+++ INPUT MATERIAL +++

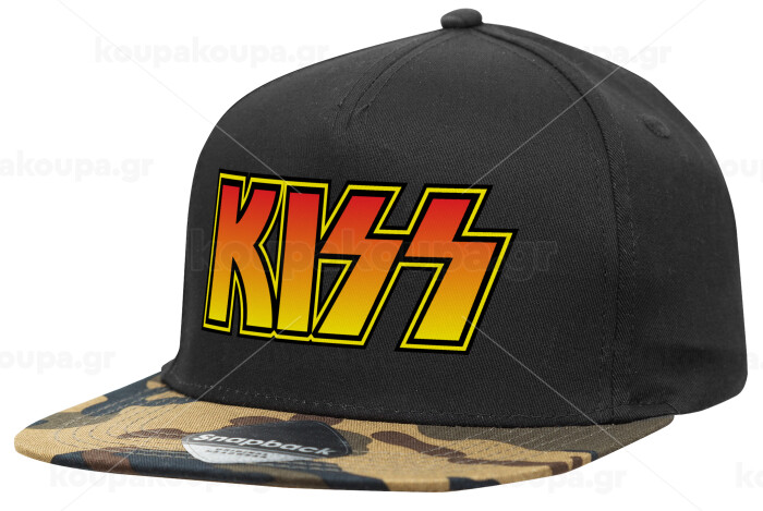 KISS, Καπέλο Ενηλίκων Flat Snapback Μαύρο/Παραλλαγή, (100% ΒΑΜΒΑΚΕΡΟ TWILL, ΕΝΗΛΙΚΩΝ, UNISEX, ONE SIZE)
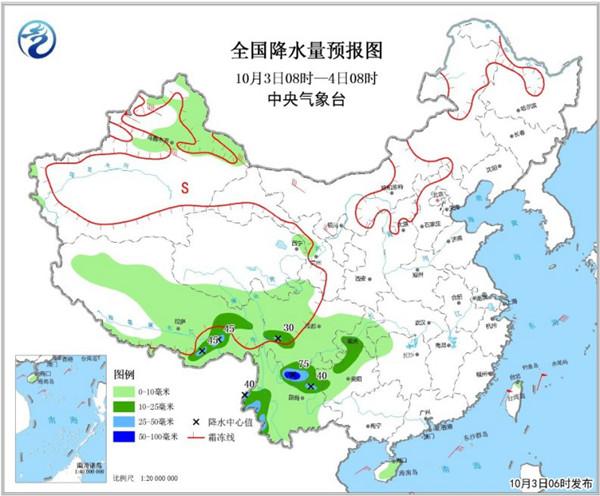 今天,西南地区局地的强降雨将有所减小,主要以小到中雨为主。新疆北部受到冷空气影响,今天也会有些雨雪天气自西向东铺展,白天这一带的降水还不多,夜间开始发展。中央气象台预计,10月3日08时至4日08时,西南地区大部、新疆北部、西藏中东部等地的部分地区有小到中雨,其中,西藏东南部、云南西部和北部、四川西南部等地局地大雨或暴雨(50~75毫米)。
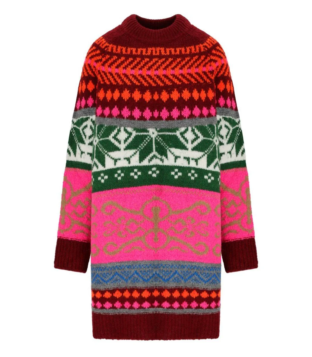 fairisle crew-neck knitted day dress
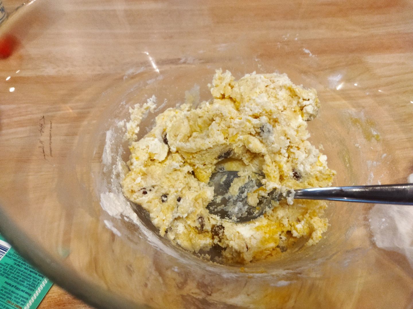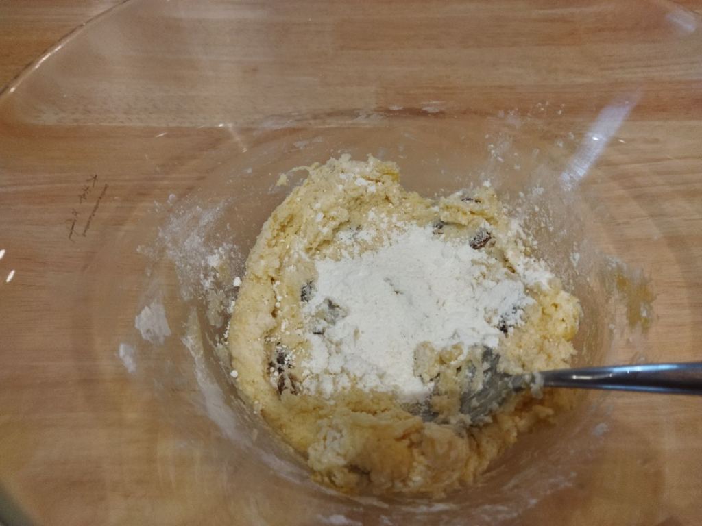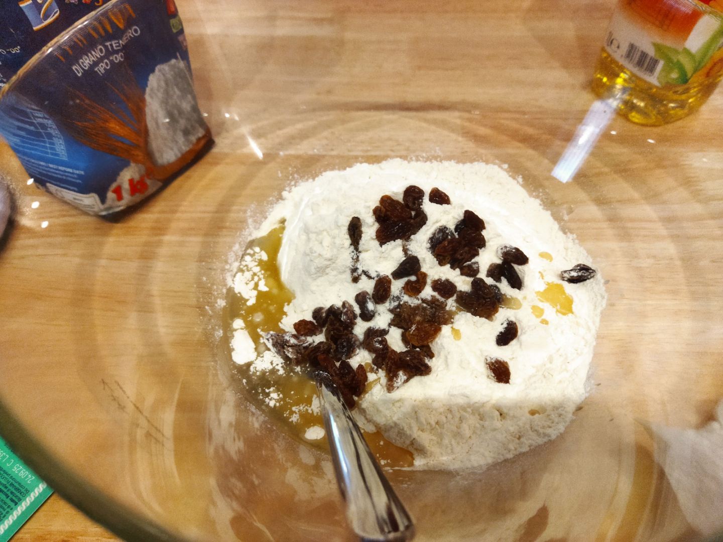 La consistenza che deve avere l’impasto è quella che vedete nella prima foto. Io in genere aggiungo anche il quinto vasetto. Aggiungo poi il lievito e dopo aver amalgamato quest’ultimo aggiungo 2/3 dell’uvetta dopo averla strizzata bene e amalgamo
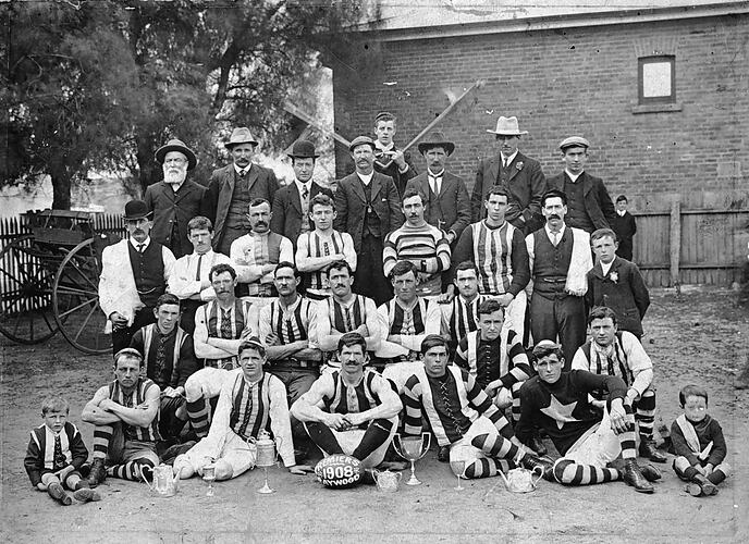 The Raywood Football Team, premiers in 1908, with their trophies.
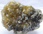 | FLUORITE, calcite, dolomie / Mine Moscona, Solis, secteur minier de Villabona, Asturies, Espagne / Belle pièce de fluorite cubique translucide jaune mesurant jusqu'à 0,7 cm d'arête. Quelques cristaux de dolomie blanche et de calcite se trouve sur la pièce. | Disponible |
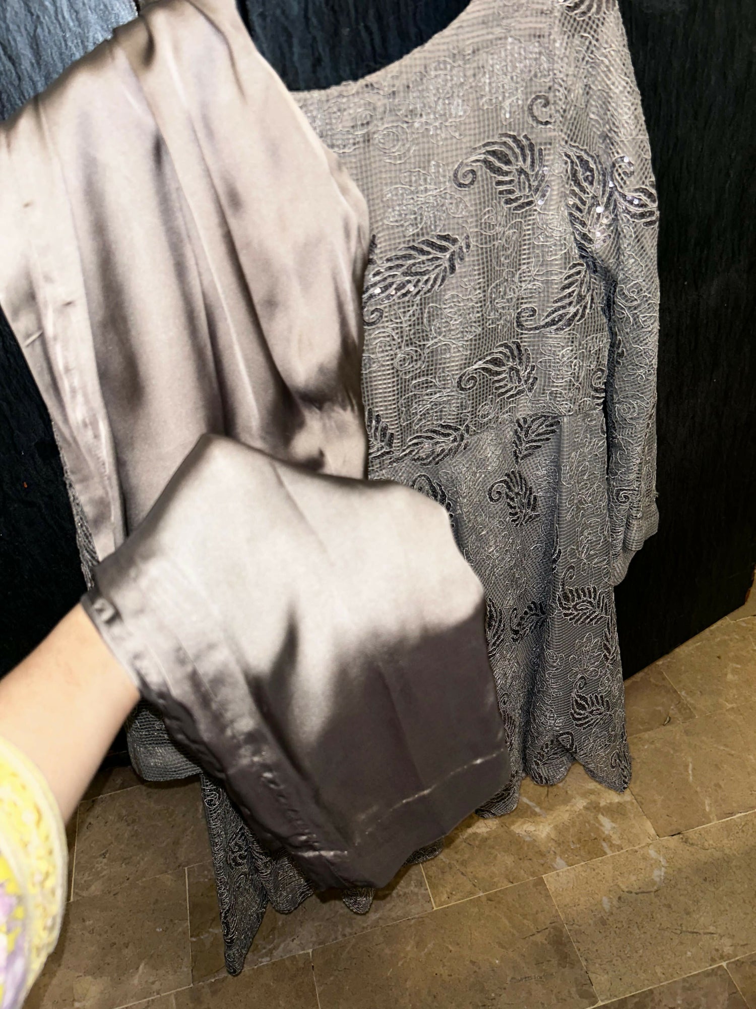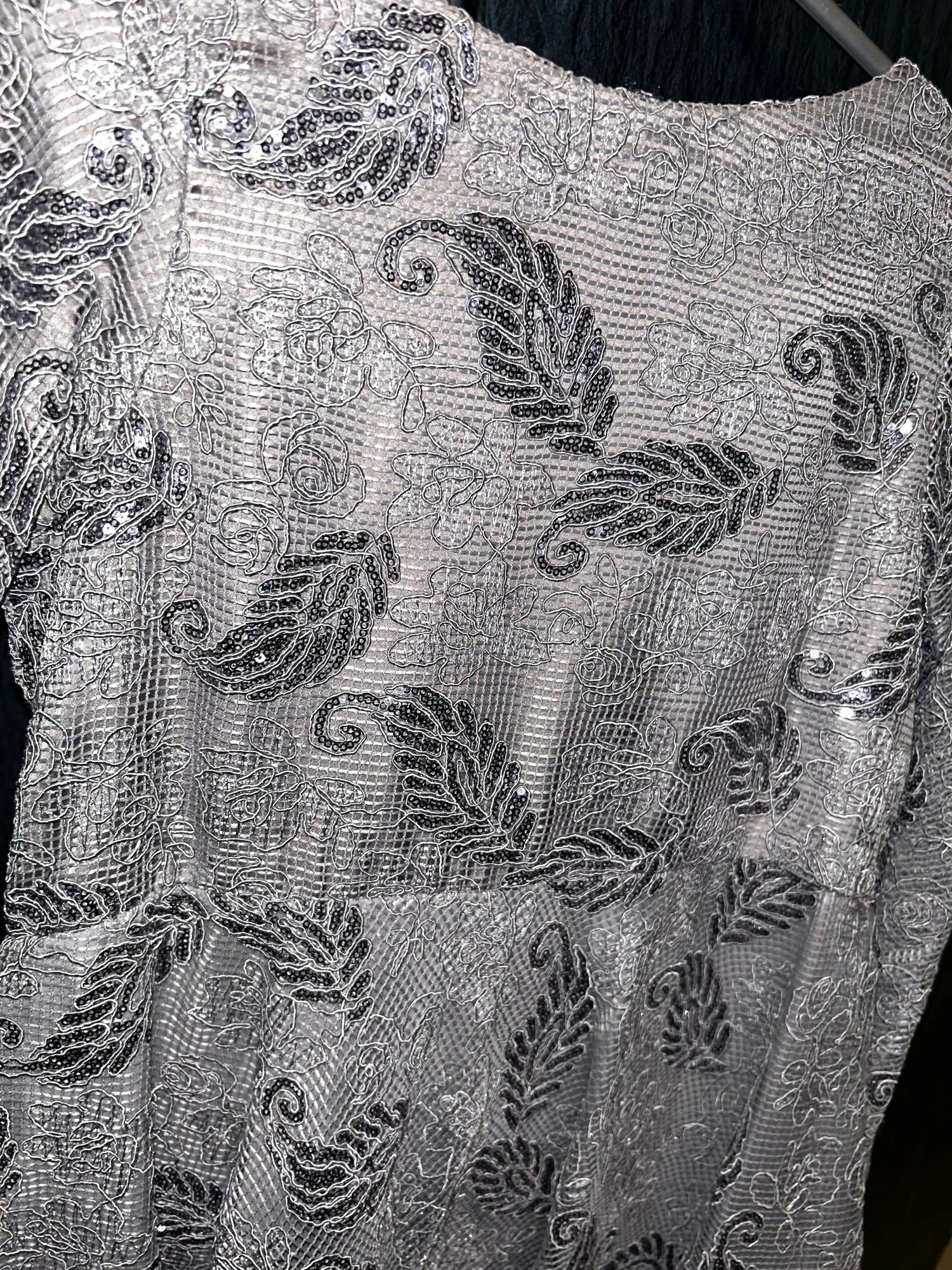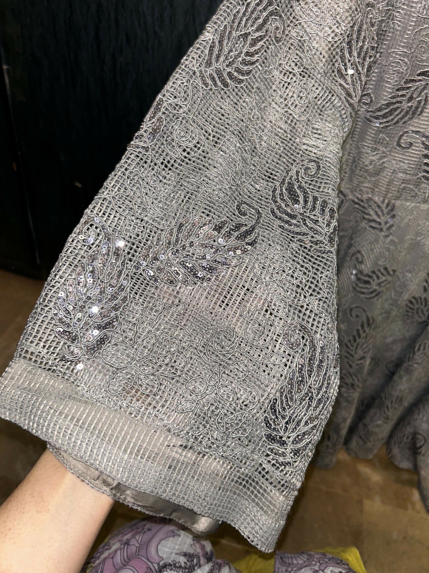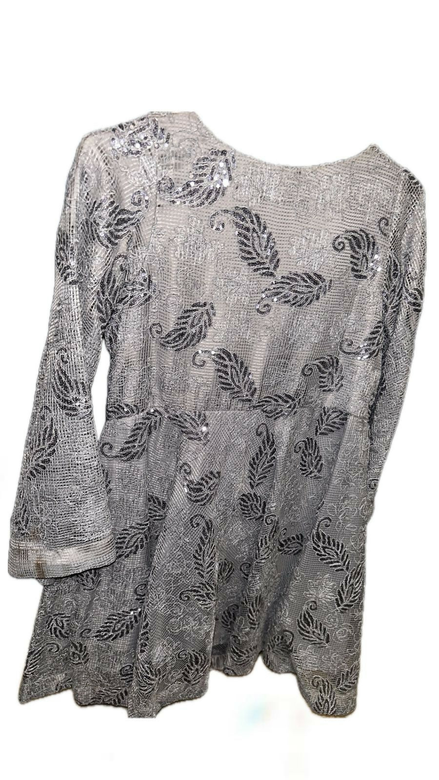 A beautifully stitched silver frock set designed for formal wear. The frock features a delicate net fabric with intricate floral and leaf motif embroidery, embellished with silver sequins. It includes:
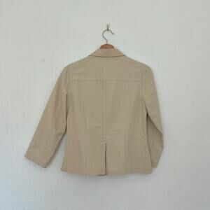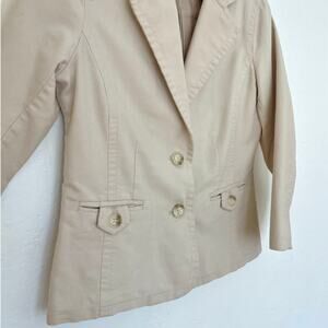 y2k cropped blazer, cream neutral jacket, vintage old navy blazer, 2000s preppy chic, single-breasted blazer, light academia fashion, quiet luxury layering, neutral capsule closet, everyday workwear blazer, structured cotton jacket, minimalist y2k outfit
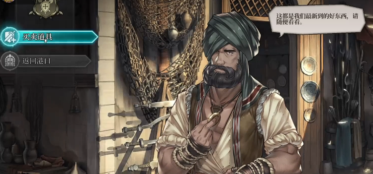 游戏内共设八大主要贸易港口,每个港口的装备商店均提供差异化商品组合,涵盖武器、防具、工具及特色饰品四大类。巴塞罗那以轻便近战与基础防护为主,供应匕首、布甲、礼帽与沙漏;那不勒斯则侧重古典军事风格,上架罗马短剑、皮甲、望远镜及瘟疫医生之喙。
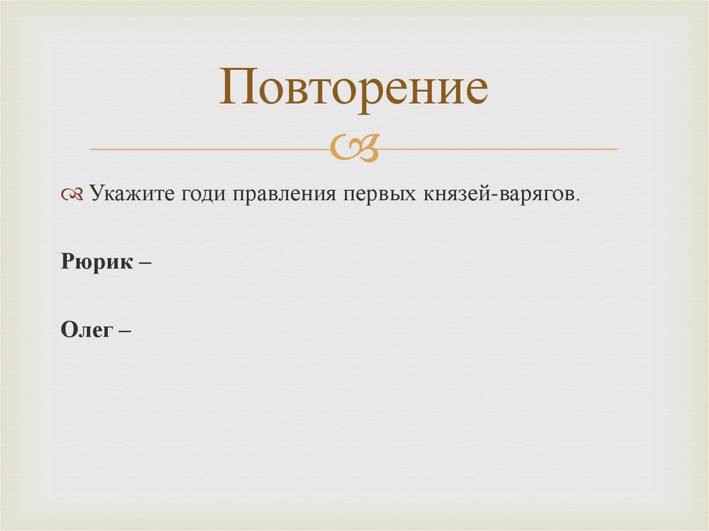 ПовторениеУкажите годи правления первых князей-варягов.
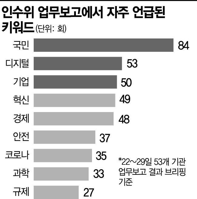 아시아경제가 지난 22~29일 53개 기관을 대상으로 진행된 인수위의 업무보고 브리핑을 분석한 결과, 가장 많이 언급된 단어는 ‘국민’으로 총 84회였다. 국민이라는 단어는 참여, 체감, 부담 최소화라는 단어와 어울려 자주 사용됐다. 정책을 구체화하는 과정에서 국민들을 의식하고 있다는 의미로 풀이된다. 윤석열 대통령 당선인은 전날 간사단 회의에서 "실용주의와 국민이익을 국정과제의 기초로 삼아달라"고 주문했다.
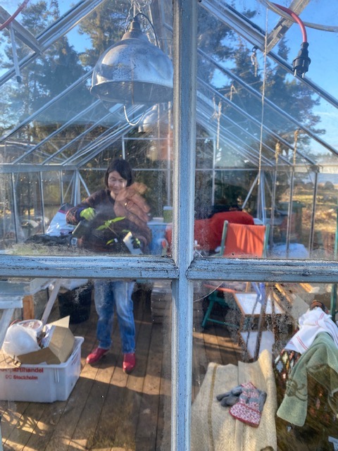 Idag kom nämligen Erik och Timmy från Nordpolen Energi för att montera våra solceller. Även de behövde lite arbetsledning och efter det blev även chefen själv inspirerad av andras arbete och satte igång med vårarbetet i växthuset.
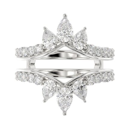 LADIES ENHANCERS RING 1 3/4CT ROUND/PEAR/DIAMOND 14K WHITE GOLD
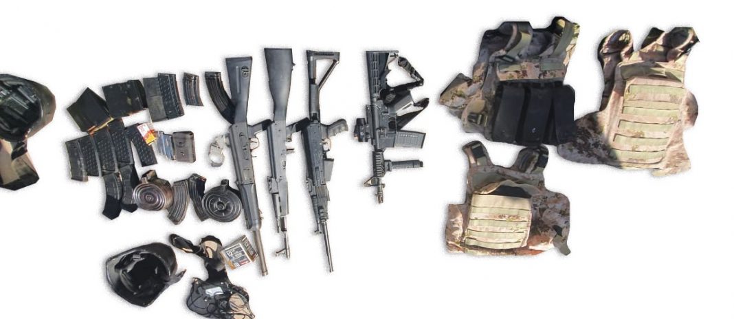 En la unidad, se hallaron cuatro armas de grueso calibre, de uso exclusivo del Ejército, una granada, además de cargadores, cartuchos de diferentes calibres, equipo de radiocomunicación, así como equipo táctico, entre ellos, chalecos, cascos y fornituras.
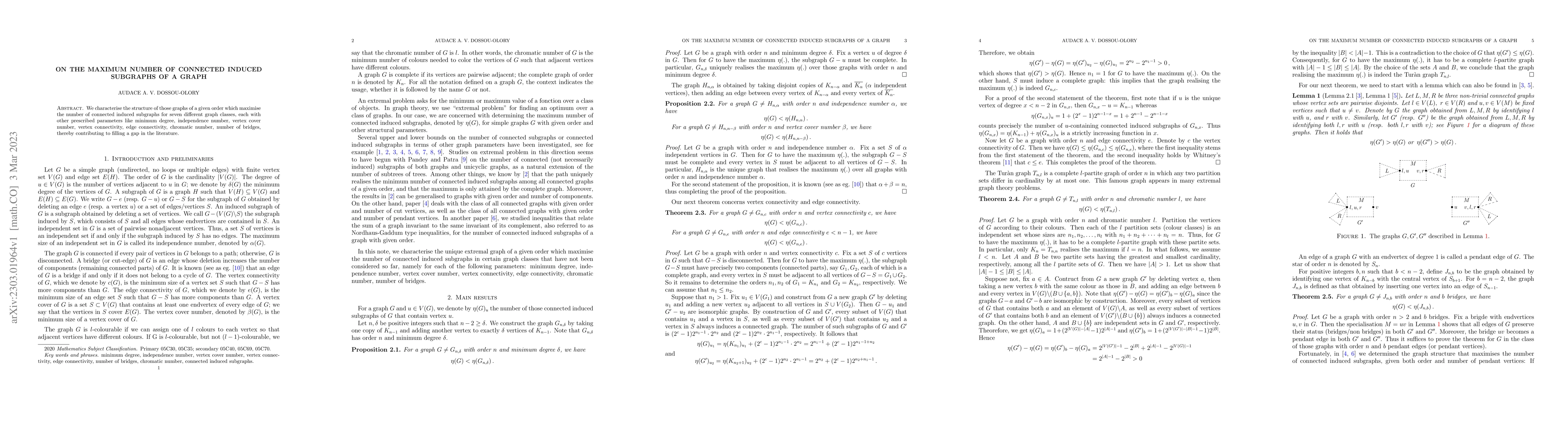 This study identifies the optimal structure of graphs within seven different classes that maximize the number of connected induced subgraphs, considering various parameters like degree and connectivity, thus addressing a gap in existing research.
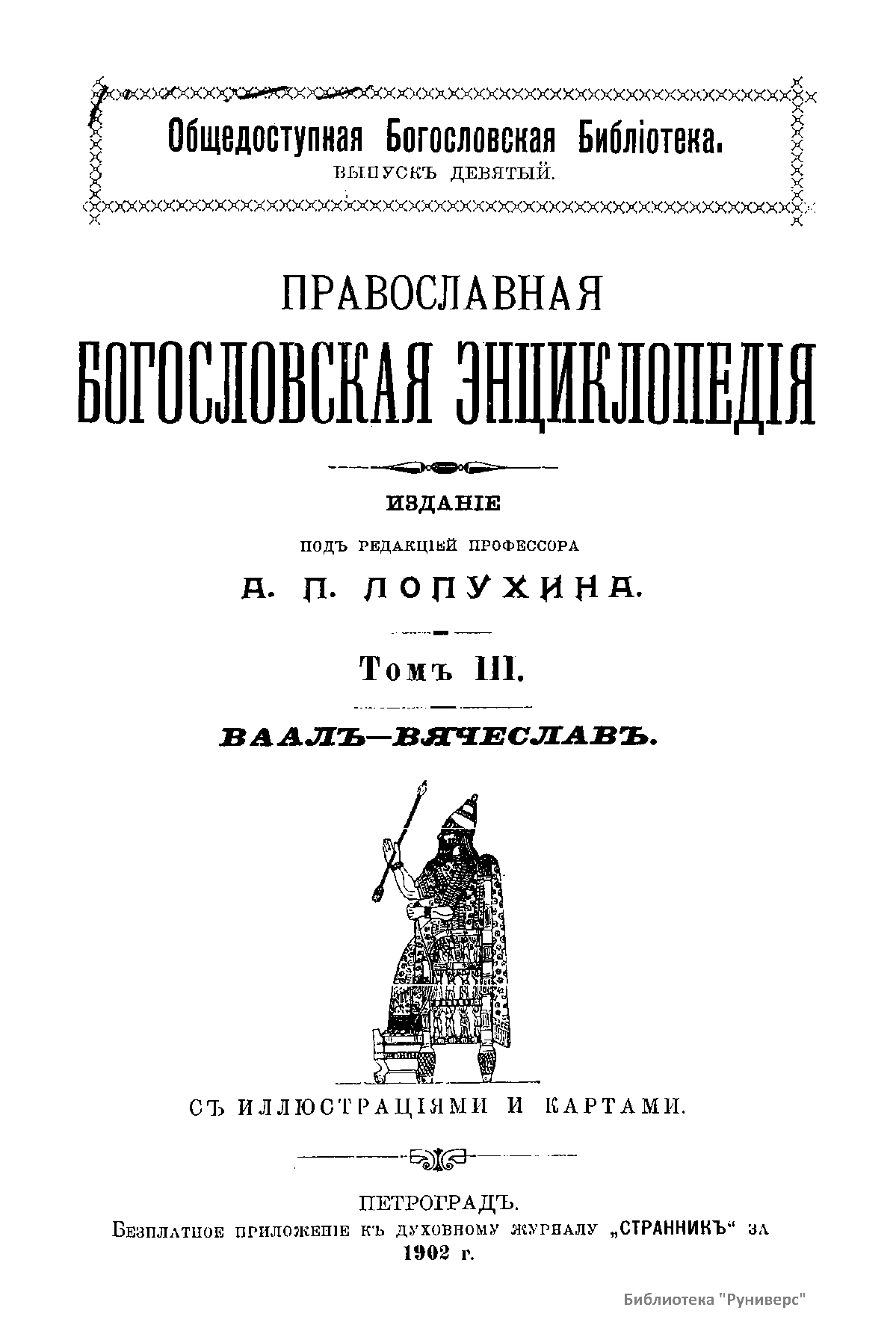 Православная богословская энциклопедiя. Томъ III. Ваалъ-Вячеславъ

+++

**EXERCISE REQUIREMENTS:** Could you transcribe exactly the entries above, but only the lines from the one with "A beautifully stitched" through the one with "아시아경제가 지난 22~29일", and without pictures?

**EXERCISE SOLUTION:**
 A beautifully stitched silver frock set designed for formal wear. The frock features a delicate net fabric with intricate floral and leaf motif embroidery, embellished with silver sequins. It includes:
 y2k cropped blazer, cream neutral jacket, vintage old navy blazer, 2000s preppy chic, single-breasted blazer, light academia fashion, quiet luxury layering, neutral capsule closet, everyday workwear blazer, structured cotton jacket, minimalist y2k outfit
 游戏内共设八大主要贸易港口,每个港口的装备商店均提供差异化商品组合,涵盖武器、防具、工具及特色饰品四大类。巴塞罗那以轻便近战与基础防护为主,供应匕首、布甲、礼帽与沙漏;那不勒斯则侧重古典军事风格,上架罗马短剑、皮甲、望远镜及瘟疫医生之喙。
 ПовторениеУкажите годи правления первых князей-варягов.
 아시아경제가 지난 22~29일 53개 기관을 대상으로 진행된 인수위의 업무보고 브리핑을 분석한 결과, 가장 많이 언급된 단어는 ‘국민’으로 총 84회였다. 국민이라는 단어는 참여, 체감, 부담 최소화라는 단어와 어울려 자주 사용됐다. 정책을 구체화하는 과정에서 국민들을 의식하고 있다는 의미로 풀이된다. 윤석열 대통령 당선인은 전날 간사단 회의에서 "실용주의와 국민이익을 국정과제의 기초로 삼아달라"고 주문했다.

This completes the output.